Model overfits and does not improve on validation accuracy

Hi there,
I am building a feedforward network for a binary text classification task. Here’s my model:

  def __init__(self, output_size, embedding_dim, hidden_size, dropout=0.2):
    super(FeedForward, self).__init__()
    self.embedding = nn.Embedding.from_pretrained(embedding_matrix)
    self.linear_relu_stack = nn.Sequential(
      nn.Linear(in_features=embedding_dim, out_features=hidden_size),
      nn.ReLU(),
      nn.Dropout(p=dropout),
      nn.Linear(in_features=hidden_size, out_features=hidden_size//2),
      nn.ReLU(),
      nn.Dropout(p=dropout),
      nn.Linear(in_features=hidden_size//2, out_features=output_size),
      nn.Sigmoid()
    ) 

  def forward(self, input):
    emb = self.embedding(input)
    emb = torch.sum(emb, dim=1)
    out = self.linear_relu_stack(emb)
    return out

model = FeedForward(OUTPUT_SIZE, EMBEDDINGS_DIM, HIDDEN_SIZE, 0.5).to(device)
print(model)

OUTPUT:

  (embedding): Embedding(204775, 300)
  (linear_relu_stack): Sequential(
    (0): Linear(in_features=300, out_features=512, bias=True)
    (1): ReLU()
    (2): Dropout(p=0.4, inplace=False)
    (3): Linear(in_features=512, out_features=256, bias=True)
    (4): ReLU()
    (5): Dropout(p=0.4, inplace=False)
    (6): Linear(in_features=256, out_features=1, bias=True)
    (7): Sigmoid()
  )
)

I am training using 64-batch. I have 1,276,686 rows in train set and 159,586 rows in validation set.
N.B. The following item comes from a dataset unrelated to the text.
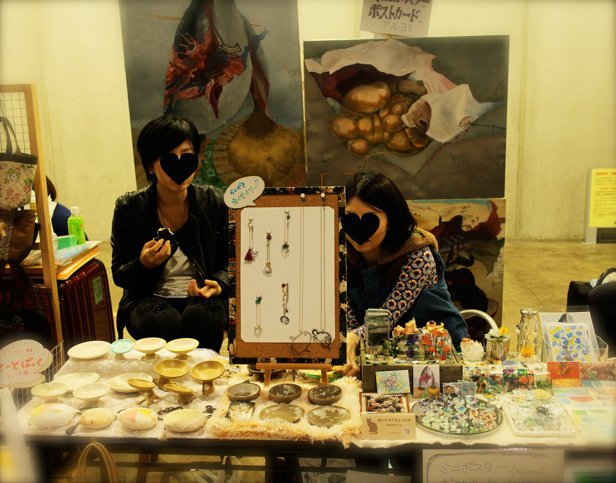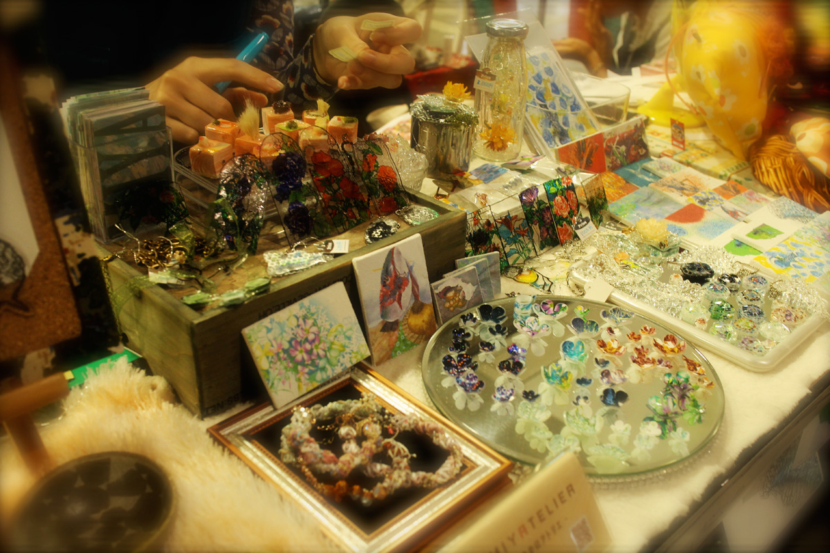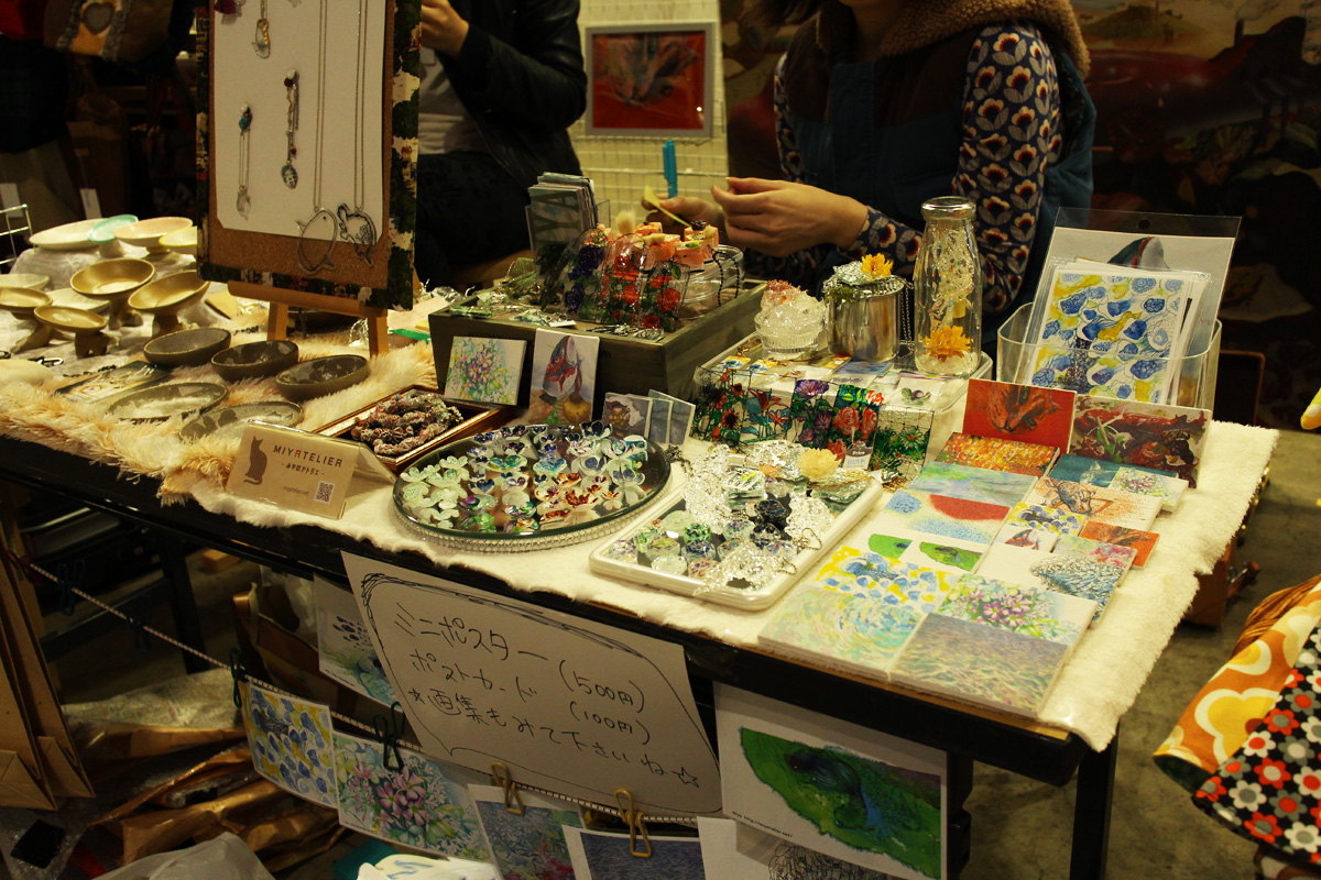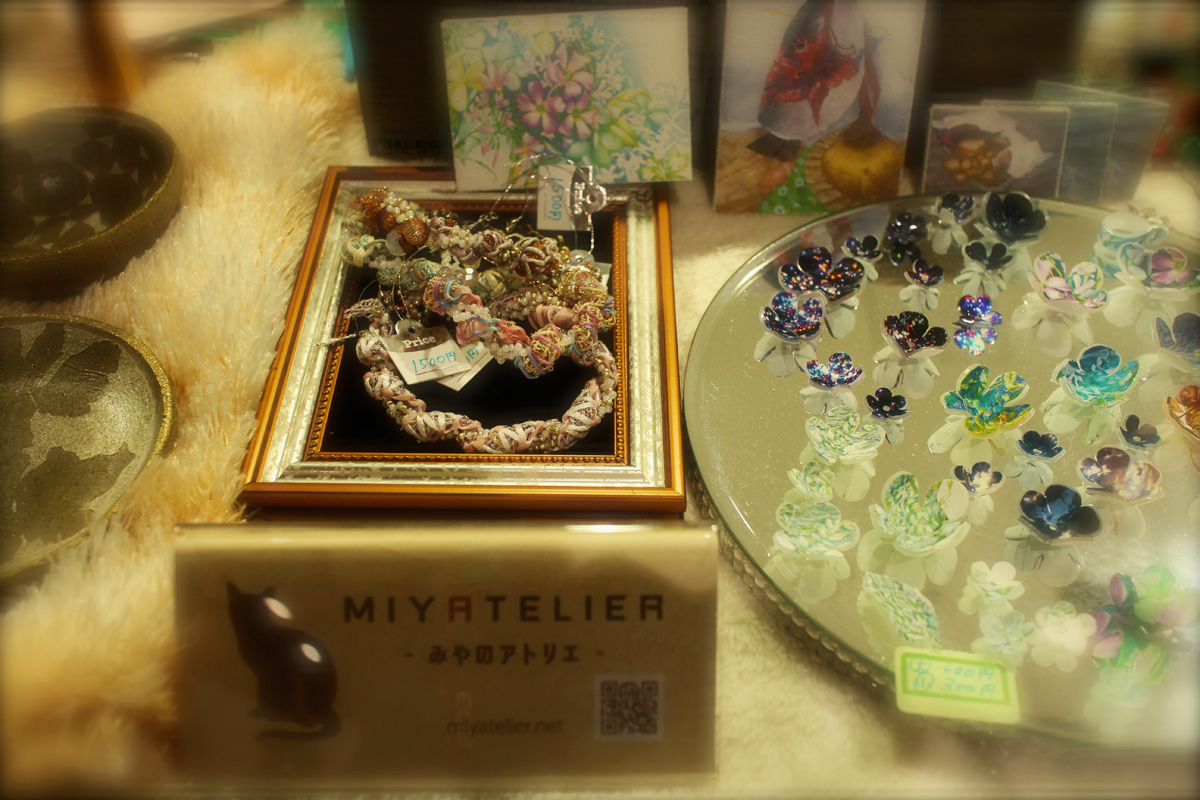 小物も展示、販売しましたが…大きな目的は絵画に興味を持ってもらいお客様に名刺を渡すことでした。

I am using FastText word embeddings, and use loss_function = nn.BCELoss() and
optimizer = torch.optim.Adam(model.parameters(), lr=1e-4, weight_decay=1e-7).
Now, the problem is that my model tends to overfit quickly after a few epochs. I have tried training in shuffled mini-batches, decreasing the complexity of the model, add stronger dropout and higher weight decay. But no matter what I do, the model will always overfit once the training accuracy gets to around 81% and the validation loss will go up. The model will not improve and go any further than 81% on validation data. How should I approach this issue?

Here is my training graph of loss: (validation is orange, train is blue)


And accuracy:

As far as I am concerned, your plots like as expected as it gets :). That your test/validation loss will stop improving at some point simply means that your test/validation data is in some sense different from the training data. In other words, your test/validation just “looks” different from your training data, which is in practice normally the case.

In some sense this means that you don’t have enough data so that any split into training/validation/test sets will yield sets the “look” the same. Again, this is more the exception in practice.